(73) SavoieBatÔjazz

25/08/2023 – Coccolite au château de Pomboz pour BatÔjazz

“Seriez vous présents en ce monde, si vos parents
un soir d’allégresse n’avaient commis quelque folie ?”

 

Le cadre était beau, somptueux même. Avec sa verdure à perte de vue, sa forêt dense, et la danse des remparts autour du château de Pomboz à Saint-Pierre-de-Curtille, ce vendredi 25 août, pour accueillir la neuvième édition du festival BatÔjazz.

Ce soir là, un premier groupe (trio décapant  de musiciens qui se fréquentent depuis quinze ans: Nicolas Derant: synthétiseurs ; Timothée Robert: basse (rose mais non genrée) et machines ; Julien Sérié: batterie et machines) était programmé et le temps menaçait: Coccolite*.

Ce groupe est tempétueux: du jazz rock progressif, aux très nombreuses influences. Il est pulsionnel, car il aime jouer avec les machines, les sons; les bruits, les marquages répétitifs selon des décalages subtils et polyrythmiques, produisant des effets de transes intergalactiques. Timothée, dit “Léo” joue du basset de la main gauche pendant que la droite programme des étrangetés sonores (des “inanités sonores” aurait dit Mallarmé) très “space”. Julien propose des enchaînements harmoniques bizarroïdes comme j’aime (Sol m suivi d’un mi mineur, selon une balançoire vertigineuse). Et Julien cogne et raffine avec un art consommé. Des musiciens talentueux et furieux. Alors ce qui devait arriver arriva, selon la prophétie auto- réalisatrice de “la fin du monde” (derniers enregistrements de Coccolite).

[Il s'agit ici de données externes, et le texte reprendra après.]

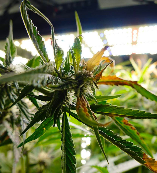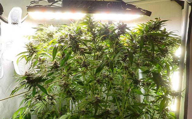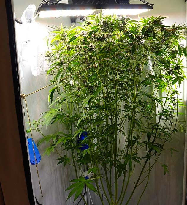 Ну что ж, я немного ошарашен, так как куст вытянулся настолько сильно, что на моей памяти такого еще не было. Всего за неделю он прибавил почти 50 сантиметров! Его рост 140 см. Поменял лампы на борд 240 Вт. Учитывая размеры куста, решил в каждом углу поставить еще по полосе диодов LM301H для бокового досвета этого монстра. Единственная проблема – макушки уперлись в лампу, что не есть хорошо. Некоторые из них подгорели еще от прошлых светильников, но в общем выглядят нормально. Заменил раствор в баке, перешел на HydroMax Bloom A и B. Разводил из расчета 2 мл/л каждого компонента. Получился компот 900 ppm. После того как заправил бак новым раствором, провел дефолиацию. Удалял как нижние листья и лопухи из центральной части куста, так и большие листья с макушки, чтобы они не закрывали свет. Обрезал довольно много нижних веточек, которые получали меньше всего света и от которых бы все равно уже не было бы никакого толка. Отмечу очень крепкий ствол и ветви.

Ais-je cauchemardé ? Certains le tiendront pour assuré ! A force de provoquer les oreilles, le ciel et le courroux de Dame Nature, le vent s’est levé, a forci puis s’est fait tempête. Accompagné de pluies heureusement rendues inoffensives par le chapiteau de toile écrue, solidement arrimé (amarré) dans le sol par les mats de bois dont on fait les voiliers, il a progressé en bourrasques secouant ladite toile que les bénévoles de l’équipe de BatÔJazz avaient tendue. Alors, c’est grâce à la générosité de l’équipe, qu’une frénésie de dévouement s’est déployée, permettant à quelques uns de s’accrocher au pied de projecteurs, à d’autres de courir chercher une serviette éponge pour protéger les instruments ou de brandir quelques parapluies sur les spots, les instruments ou musiciens. Le public est aux anges et au spectacle. Il en prend plein les oreilles (des décibels, des hurlements de vent, plein les yeux…mais on m’assure que des hordes de chaises pliables volantes, poursuivies de sandwichs affamés et de canettes insolentes, ne sont que des fantasmes rapidement effacés par le retour au calme…)

En effet, Descente d’acide, le thème que les musiciens jouèrent alors, pour narrer une expérience désagréable ou pour calmer les Dieux, permit l’apaisement des Cieux, l’assagissement du ciel et un répit de la pluie. La soirée se poursuivi dans le calme et l’allégresse. Nous retiendrons que ce groupe est très novateur, bien calé, ses chorus sont vertigineux. Et son humour sans calcul m’a autorisé à pratiquer le délire contrôlé dans ma chronique, à l’image de leur musique. Nous avons vraiment apprécié cette soirée!

 

*Coccolite ; ce nom est selon la légende, un performatif polysémique c’est à dire aussi bien, et à peine déguisé, la pierre (lythos) de Cocco – ou coca, que la sucrerie consolante (chococolatée), que la rupture et discontinuité dans la construction de la phrase ou le discours en général, musical en particulier (la fameuse “anacoluthe”), bref, une propension pour le plaisir que l’on ingère, et ce, dans un certain désordre.

 

Merci à Matthieu Scheidecker pour ses photos.